AVANT-PROPOS







Le texte qui suit appartient à l'histoire de la subversion d'une époque. Cette époque est maintenant finie. Il a été conçu au moment où les étudiants formaient encore une couche quelque peu favorisée et en étaient fiers. « La misère » est venue leur dire que les piètres privilèges que le Capitalisme développé pouvait encore leur accorder participaient à la reproduction et à l'extension de la société marchande dominante, entrée depuis peu dans l'âge du spectacle. Leurs illusions sur eux-mêmes et sur le monde en faisaient le milieu le plus propice à la propagation de toutes les pollutions idéologiques, culturelles et politiques qui œuvraient à la mise en place d'un système d'anesthésie générale.

La révolution de mai 68 a éclaté comme un tonnerre dans un ciel bleu. Il n'y avait rien à défendre, ni à revendiquer, hormis la démolition de la société spectaculaire marchande dans son ensemble. Elle marqua la fin d'une époque. Plus jamais rien ne sera comme avant.

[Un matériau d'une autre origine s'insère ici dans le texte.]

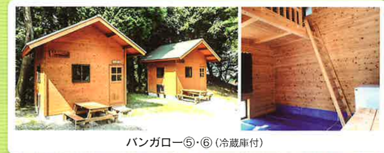
バンガロー⑤・⑥ (冷蔵庫付)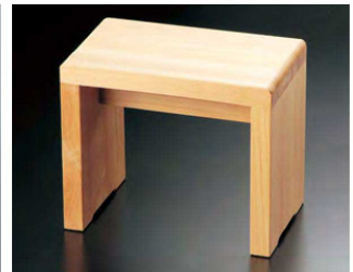
④ 困風呂椅子 コの字型 H-19-68 (小) ¥11,800 (30×18×25) 梱10 H-19-69 (大) ¥14,500 (30×20×30) 梱10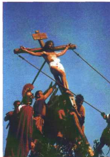
Alzamiento de Jesús en la Cruz, año 2001

La comitiva, ya con el cirineo a cargo de la cruz, enfila la calle San Juan, tan céntrica para Castro como nuestra calle Estafeta, y aquí tiene lugar la tercera y última caída. Al término de la calle tenemos la atalaya que hace de Calvario, donde tiene lugar la representación final.

La contre-offensive des classes dominantes, sur tous les fronts où elles étaient menacées a obtenu de nombreux succès. Toutes les idées, les penseurs, les artistes, les organisations, les partis et les syndicats dénoncés dans ce libelle sont devenus obsolètes ou totalement inexistants. Tant mieux. Le plus important est que cet effritement n'est pas l'œuvre de leurs ennemis effectifs, mais le résultat du « mouvement réel qui se déroule sous nos yeux ». Leur disparition a renforcé le système de domination comme leur existence contribuait à son progrès. On dirait que la classe propriétaire et son État se sont donné pour tâche d'exécuter quelques unes des sentences du Mouvement de mai 68, afin de sauver l'essentiel. Ce sont eux qui ont mis fin à l'Université ; anéanti le parti dit communiste et les syndicats dits ouvriers. Le spectacle, partout règne et gouverne.

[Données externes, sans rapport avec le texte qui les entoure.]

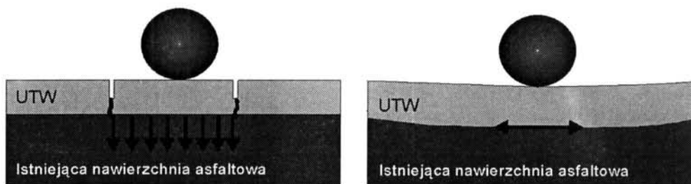
Rys.1. Wpływ rozstawu szczelin [24]

Fig.1. Influence of the distance between joints [24]

Une de ses dernières victoires, dont il peut d'ores et déjà s'enorgueillir, est d'avoir, en cette fin de siècle, fait du droit au travail, c'est-à-dire à l'esclavage salarié, la revendication sociale centrale. Comme d'habitude, les étudiants se trouvent à l'avant-garde de ce mouvement. Seulement, voilà, le capital n'a plus besoin d'autant d'esclaves pour le servir. Il continuera d'employer au maximum de rendement et au plus vil prix, ceux à qui il fera croire qu'ils sont des privilégiés. Aux autres, le RMI et la matraque.

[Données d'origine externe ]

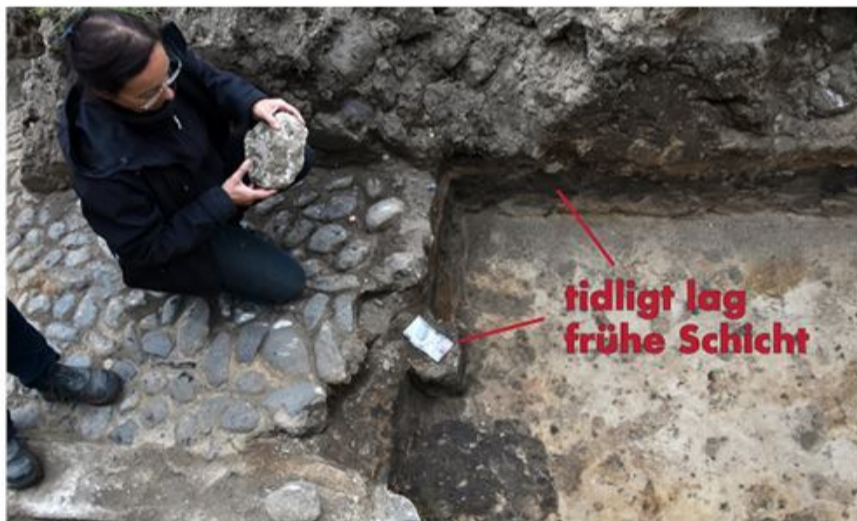
Fundet af et lag, som formentlig stammer fra middelalderen, lover godt for den kommende store udgravning i foråret 2022.

Le patronat et l'État ne peuvent et ne veulent plus payer. Personne ne pense à l'idée qu'ils peuvent disparaître. Les enfants des cités, ces palestiniens du spectacle triomphant, savent, eux, qu'ils n'ont rien à perdre ni rien à espérer du monde tel qu'il devient. D'emblée, ils s'affirment comme les ennemis de l'État, de l'économie et du salariat : ils combattent régulièrement les forces de l'ordre, refusent de travailler et volent toutes les marchandises dont ils ont besoin. Ils n'ont pas choisi leur condition et ont raison de ne pas l'aimer. Mais ceux qui les ont mis là sentiront, et commencent déjà à sentir leur douleur.

Les étudiants, qui n'ont même pas droit au RMI, sont désormais des délinquants en sursis. Non seulement ils n'ont aucun avenir dans le système du travail, mais ils auront perdus - d'ici-là - la plupart des droits que leurs parents et grands-parents ont arraché au Capital. Il y a un demi-siècle, ils pouvaient presque tous devenir cadres, petits, moyens ou supérieurs. Aujourd'hui, ils doivent accepter des salaires inférieurs au SMIG. Sans qu'ils s'en aperçoivent, ils se trouvent maintenant plus proches des poubelles de la société que des sommets de son ancienne hiérarchie. Ils doivent simplement en prendre conscience.

Le renversement de perspective ne peut, en aucune manière, passer par les solutions depuis longtemps prévues par le système lui-même : « l'intégration », « le travail pour tous », la « réforme des études » et autres défenses de la sécurité sociale. La puissance du spectacle actuel est qu'il gouverne non seulement le monde qu'il produit, mais aussi les rêves que ses victimes se fabriquent pour échapper à son règne. Ces rêves d'aujourd'hui ne sont en fait que les cauchemars de demain. N'importe, c'est encore le milieu étudiant qui les nourrit le plus. Ils ont beaucoup à apprendre, certes pas auprès des professeurs, mais auprès des « voyous des cités » qui ont plus de lucidité.

Avec ou sans les étudiants, le système dominant continuera à se faire contre tous. Ils peuvent choisir d'être les complices de leur malheur; ils doivent seulement savoir qu'ils n'auront aucune récompense.